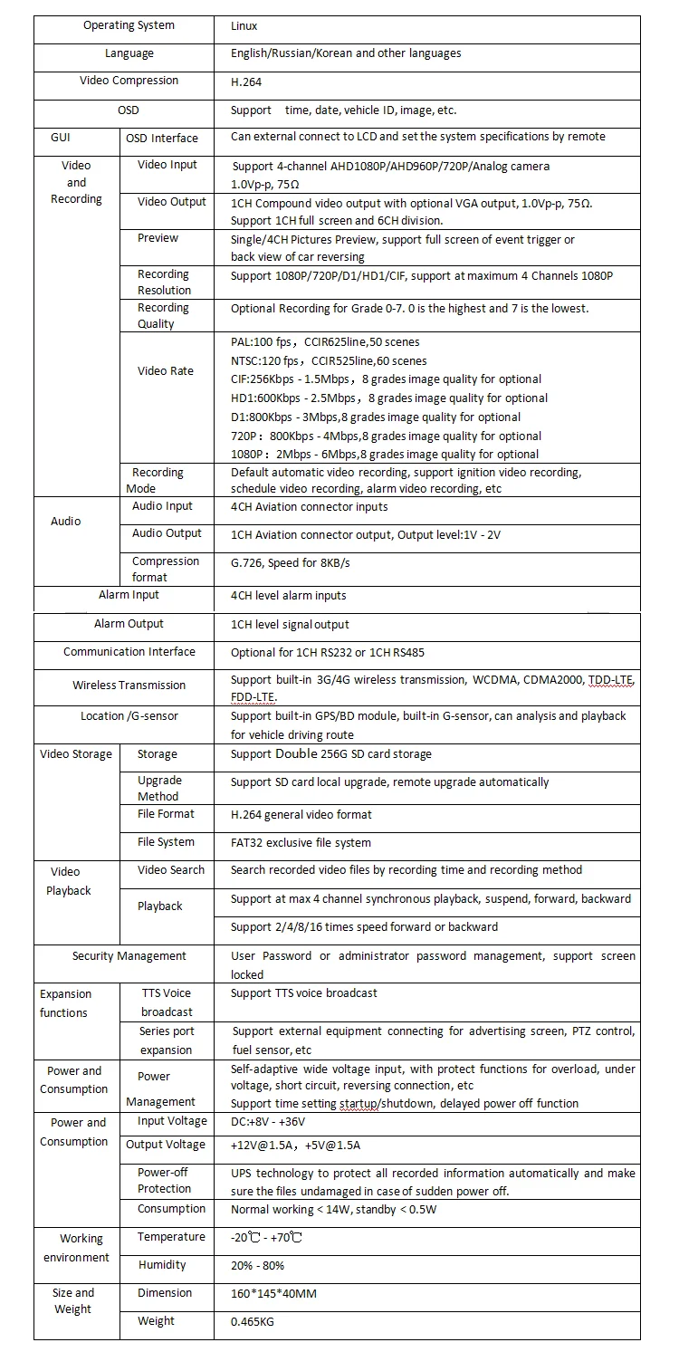 1. Поддержка 4 каналов аудиовхода, 4 канала записи видео в реальном времени; 2. Поддержка 4-канальный AHD1080P/AHD960P/720P/аналоговая камера 3. Рабочие языки: английский/русский/Корейский и другие языки 4. Операционная система: PAL/NTSC 5. Видео может быть наложено в режиме реального времени на Часы даты, номер транспортного средства, скорость, тормоз, сигнал тревоги 6. Автономный автомобильный широкополосный источник питания, стабильная работа в DC8V-36V диапазоне напряжения 7. Может установить время задержки видео, время задержки от 1 минуты до 244 минут, может установить низковольтную защиту 8. Автоматический сброс, так что машина никогда не разобьется, система может быстро восстановить видео после восстановления мощности, мгновенно выключить, не влияет на Записанные видеоклипы 9. Встроенный g-сенсор 10. Максимальная поддержка двойной 256G SD карты использовать видео; 11. Поддержка 4G GPS удаленного мониторинга и позиционирования Технические характеристики
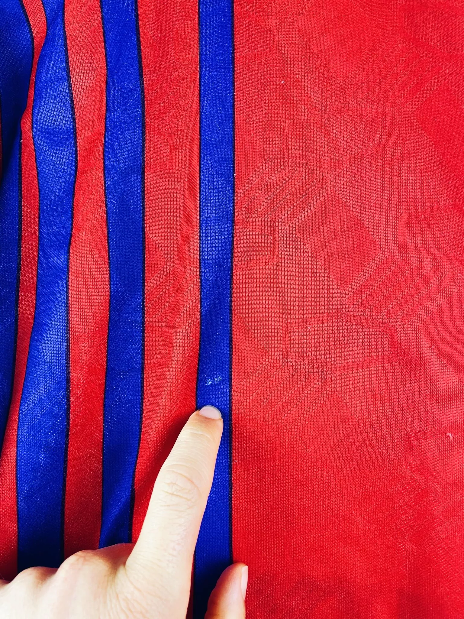 Taille : S Largeur : 51cm (aisselle à aisselle) Longueur : 71cm (base du col au bas) Si tu veux plus de détails, tu peux nous contacter par mail ou sur les réseaux 😉 Etat : 7.5/10, bon état mais des accrocs et des minis traces dans le dos (voir photos) Le maillot : maillot vintage domicile du PSG 1993/1994. L’écusson, le logo Nike et les sponsors Commodore et Tourtel sont incrustés au maillot. Très beau maillot rétro du PSG ! Histoire : énorme saison des parisiens qui remporteront leur deuxième championnat de leur histoire, devant notamment l’Olympique de Marseille……
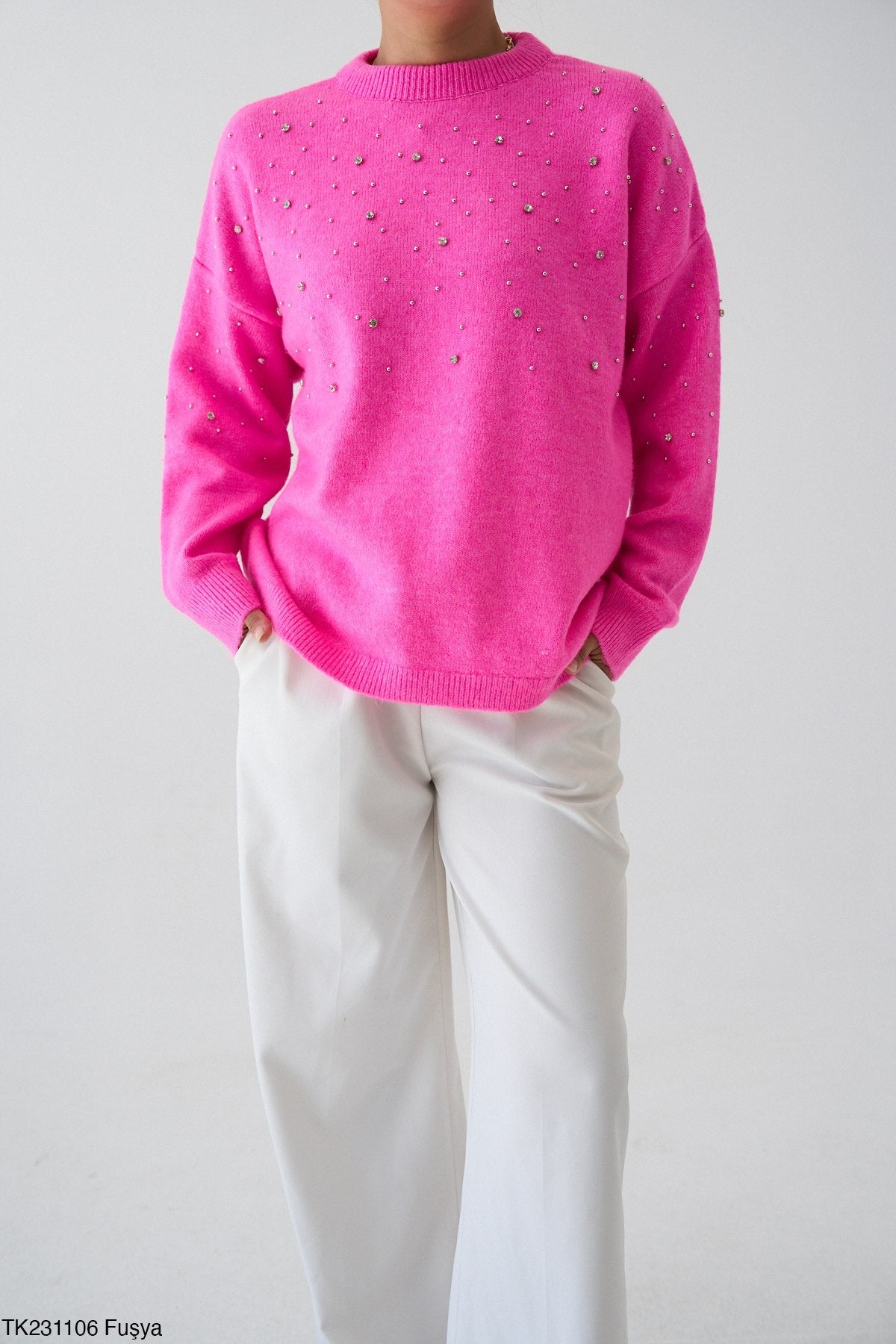 Regular price €29,95Bring instant impact to your winter edit with this soft knit jumper featuring scattered crystal embellishment. The luxe sparkle finish makes it a bestselling style for boutiques wanting statement pieces that photograph beautifully and sell quickly both in-store and online. The relaxed silhouette works perfectly with trousers, skirts and denim, offering a premium look at an incredible wholesale price.
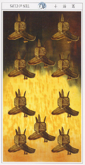 The 10 of Cups is the link to the Swords suit. It is time to leave your own emotions behind and face the world and the tasks ahead.
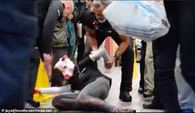The vegans chanted: ‘Dairy is Scary’ and ‘Until Every Animal is Free’ and sprayed fake blood on the floors in front of shocked customers.
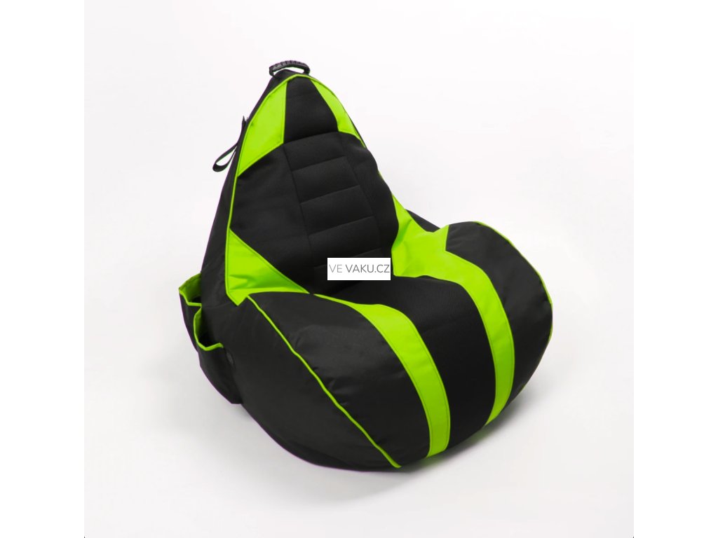 Stylový a funkční sedací vak ve tvaru herního křesla byl navržen pro všechny, kteří tráví dlouhé hodiny u počítače nebo konzole. Ergonomický střih inspirovaný závodními sedačkami podporuje zdravé sezení, zatímco praktické kapsy na ovladač a nápoj zvyšují komfort při hraní.
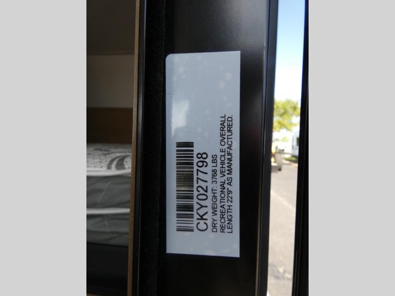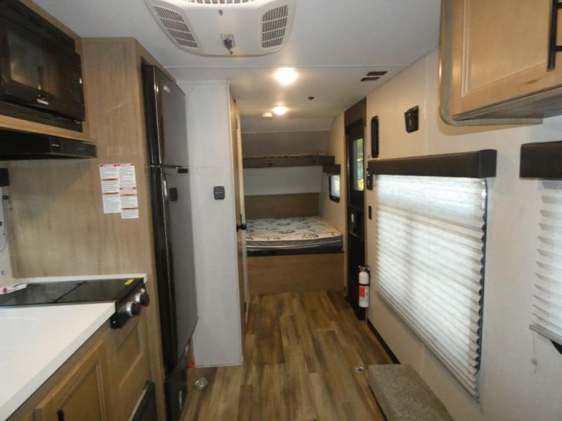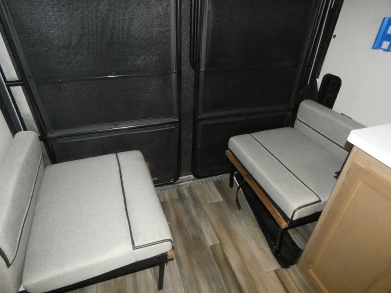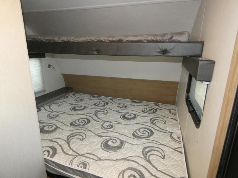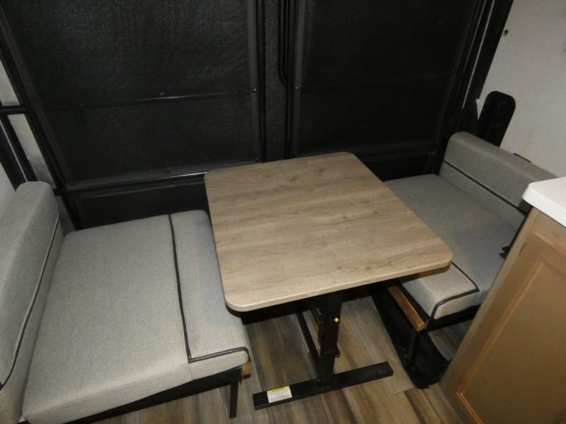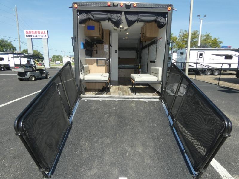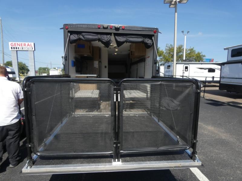 Load up your favorite off-road toys with the ramp door into the 9' 4" garage with 13' 11" total cargo space when you utilize the space up front! Enjoy all of the at home features like a fully equipped kitchen with a high output cooktop, a 12V high efficiency refrigerator, and a high output microwave. Comfortably eat your delicious meals at the rear dinette with a removable table for convenience. The full bathroom has a tub/shower for you to freshen up in the morning after getting a good night's rest on the front queen bed which also has a bunk bed above it too. There is also outside storage and an outside shower with hot and cold water!
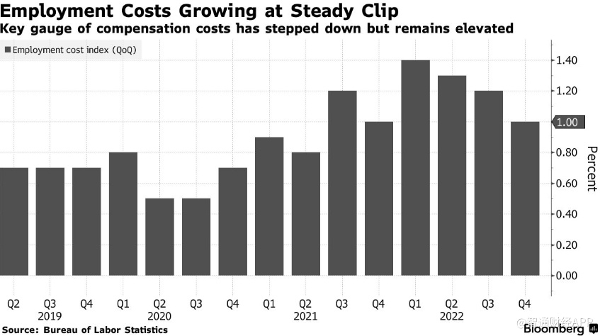 同样将于周五公布的就业成本指数(ECI)可以说是本周最重要的数据。就业成本指数是经济学家(尤其是美联储的经济学家)青睐的衡量薪酬的指标。市场预计美国第一季度劳工就业成本将上升1.1%,较前一季度略有加快。
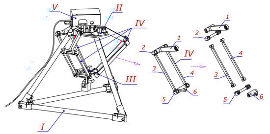 The main elements of the prototype: Base I, built from tubes and 3D-printed connecting elements; Fixed triangular platform II in which three servomotors and the hardware elements of the control system are mounted; III—triangular movable platform; IV—three identical 3D-printed assembled legs; V—Control module.
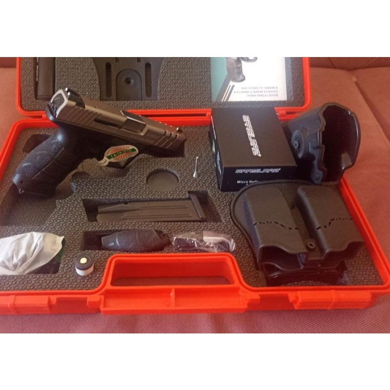 Ruhsatlı. Sıfır. Kutusunda Redrod lazer fener polimer kılıf mevcuttur. - Tetik emniyetli -İğne Kurulu göstergesi -Picatinniy ray sistemi -iğne tutucu çelik arka kapak -15+1 şarjör kapasitelidir -750 Gr ağırlığı vardir
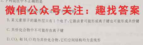 11.下列说法中不正确的是A.含有离子键的化合物一定是离子化合物B.某元素原子的最外层只有1个电子,它跟卤素可能形成离子键也可能形成共价键C.共价化合物中不可能存在离子键D.CO2和H2O均为共价化合物,它们空间结构均为直线形
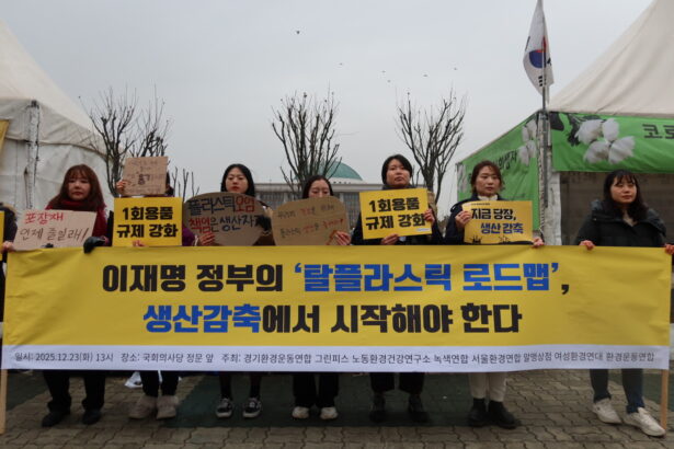 오늘 기후에너지환경부는 탈플라스틱 대책 정부(안)을 발표하고 의견 수렴을 위한 대국민 토론회를 개최한다. 우리는 정부가 준비한 탈플라스틱 로드맵이 실체없는 순환경제나 기술 의존적 대책을 넘어 플라스틱 문제의 근본 원인인 과잉 생산에 대한 대책을 명확히 포함할 것을 요구하기 위해 이 자리에 모였다.
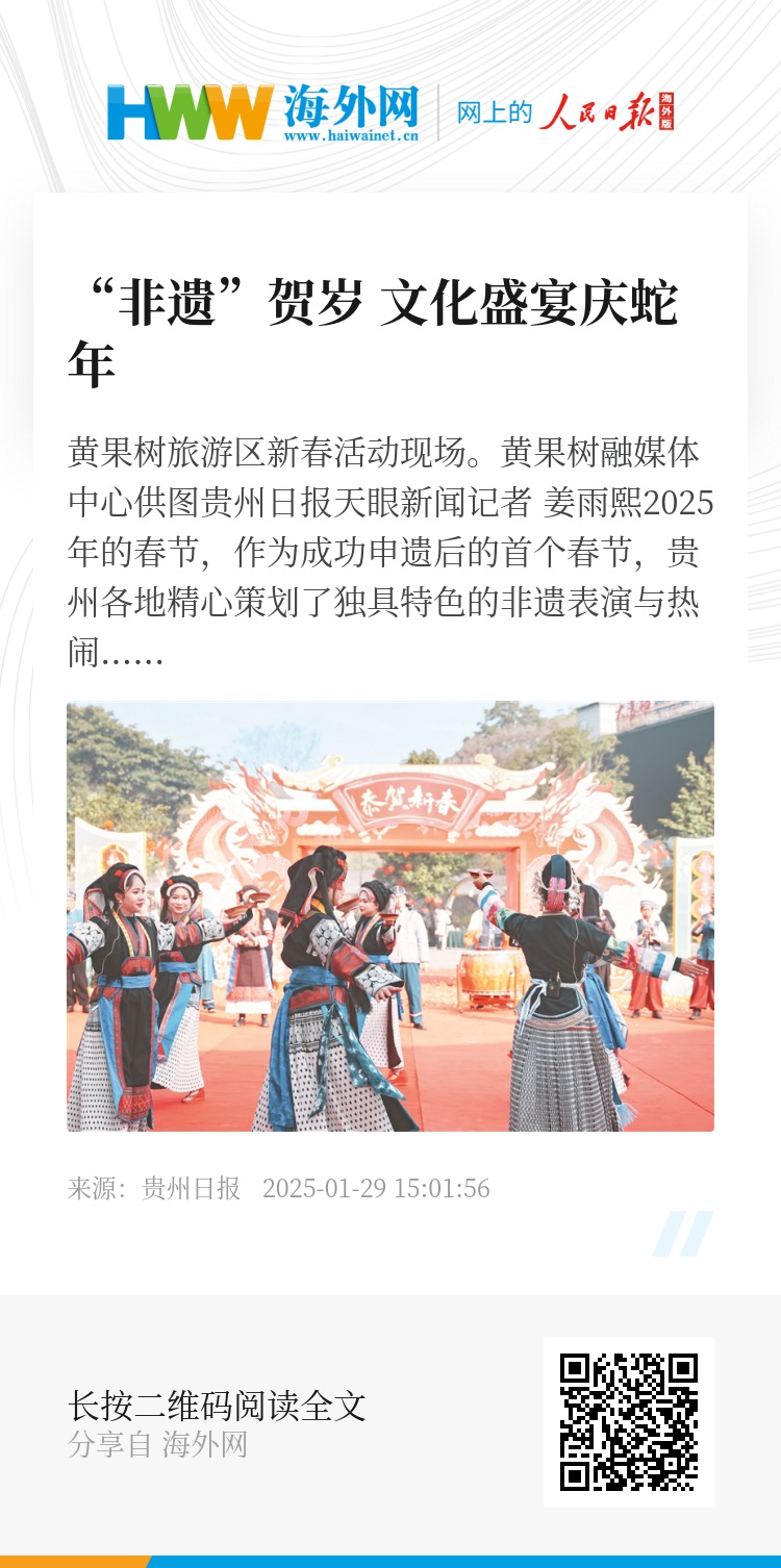 2025年的春节,作为成功申遗后的首个春节,贵州各地精心策划了独具特色的非遗表演与热闹喜庆的民俗活动,线上、线下轮番上演,让传统佳节更具文化韵味。
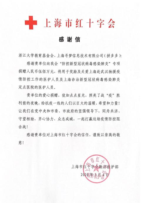 3月4日,上海市紅十字會給拼多多和浙江大學發(fā)來感謝信,感謝兩家單位為醫(yī)護工作人員帶來的500萬元專項捐贈。
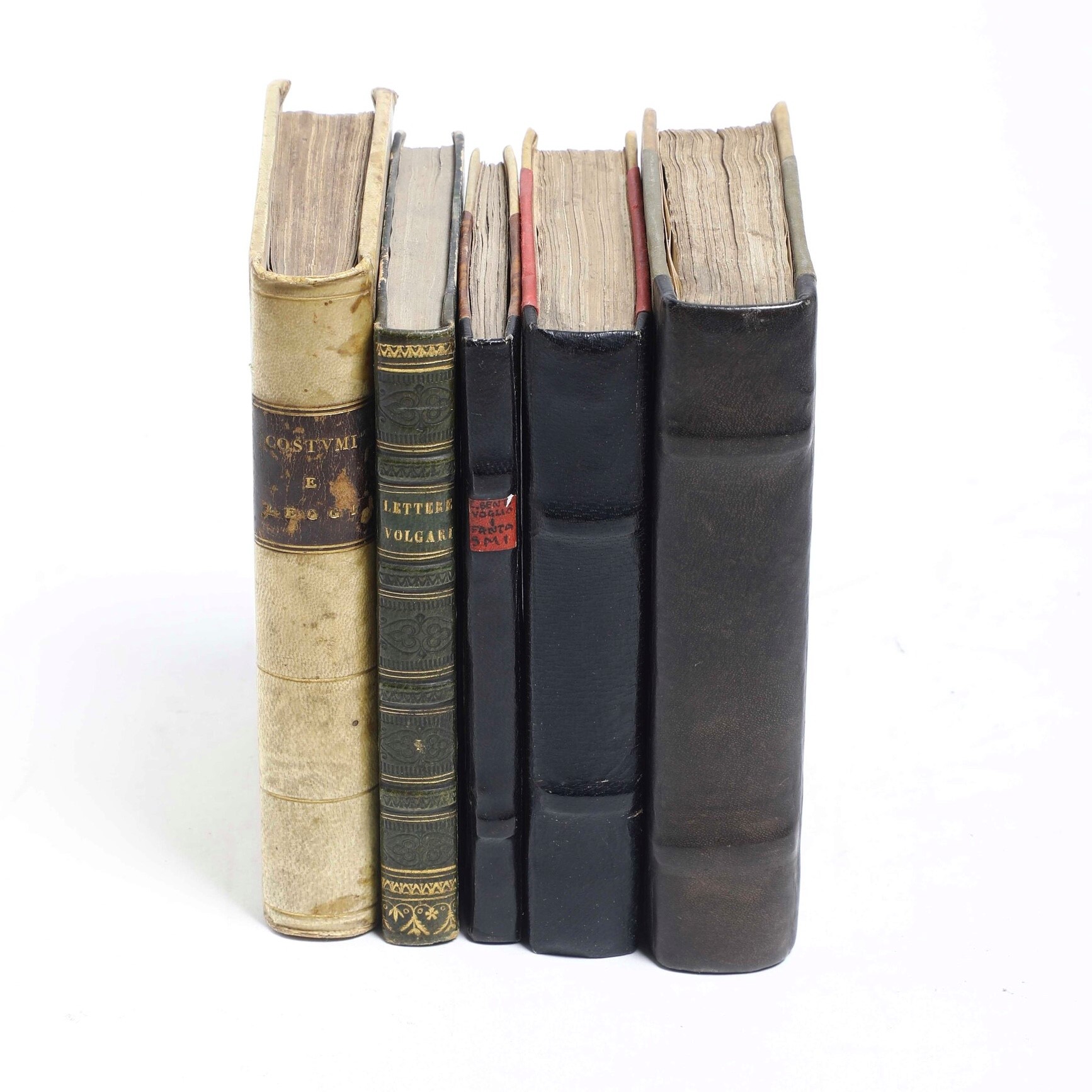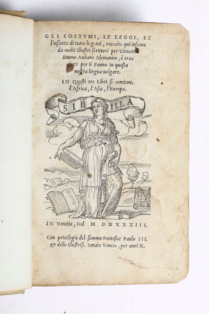 - Giovanni Boemo Aubano alemanno, Gli costumi, le leggi, et l'usanze di tutti le genti..In Venetia, per Michele Tramezino, 1543, In-8°. Rilegatura in pergamena rigida del secolo XIX. Qualche macchia e bruniture
-=-=-=-=-
Output only the lines from the line that contains "同样将于周五公布的就业成本指" through the end of the material, both ends included, and skip every picture.

> [Output below]:
 同样将于周五公布的就业成本指数(ECI)可以说是本周最重要的数据。就业成本指数是经济学家(尤其是美联储的经济学家)青睐的衡量薪酬的指标。市场预计美国第一季度劳工就业成本将上升1.1%,较前一季度略有加快。
 The main elements of the prototype: Base I, built from tubes and 3D-printed connecting elements; Fixed triangular platform II in which three servomotors and the hardware elements of the control system are mounted; III—triangular movable platform; IV—three identical 3D-printed assembled legs; V—Control module.
 Ruhsatlı. Sıfır. Kutusunda Redrod lazer fener polimer kılıf mevcuttur. - Tetik emniyetli -İğne Kurulu göstergesi -Picatinniy ray sistemi -iğne tutucu çelik arka kapak -15+1 şarjör kapasitelidir -750 Gr ağırlığı vardir
 11.下列说法中不正确的是A.含有离子键的化合物一定是离子化合物B.某元素原子的最外层只有1个电子,它跟卤素可能形成离子键也可能形成共价键C.共价化合物中不可能存在离子键D.CO2和H2O均为共价化合物,它们空间结构均为直线形
 오늘 기후에너지환경부는 탈플라스틱 대책 정부(안)을 발표하고 의견 수렴을 위한 대국민 토론회를 개최한다. 우리는 정부가 준비한 탈플라스틱 로드맵이 실체없는 순환경제나 기술 의존적 대책을 넘어 플라스틱 문제의 근본 원인인 과잉 생산에 대한 대책을 명확히 포함할 것을 요구하기 위해 이 자리에 모였다.
 2025年的春节,作为成功申遗后的首个春节,贵州各地精心策划了独具特色的非遗表演与热闹喜庆的民俗活动,线上、线下轮番上演,让传统佳节更具文化韵味。
 3月4日,上海市紅十字會給拼多多和浙江大學發(fā)來感謝信,感謝兩家單位為醫(yī)護工作人員帶來的500萬元專項捐贈。
 - Giovanni Boemo Aubano alemanno, Gli costumi, le leggi, et l'usanze di tutti le genti..In Venetia, per Michele Tramezino, 1543, In-8°. Rilegatura in pergamena rigida del secolo XIX. Qualche macchia e bruniture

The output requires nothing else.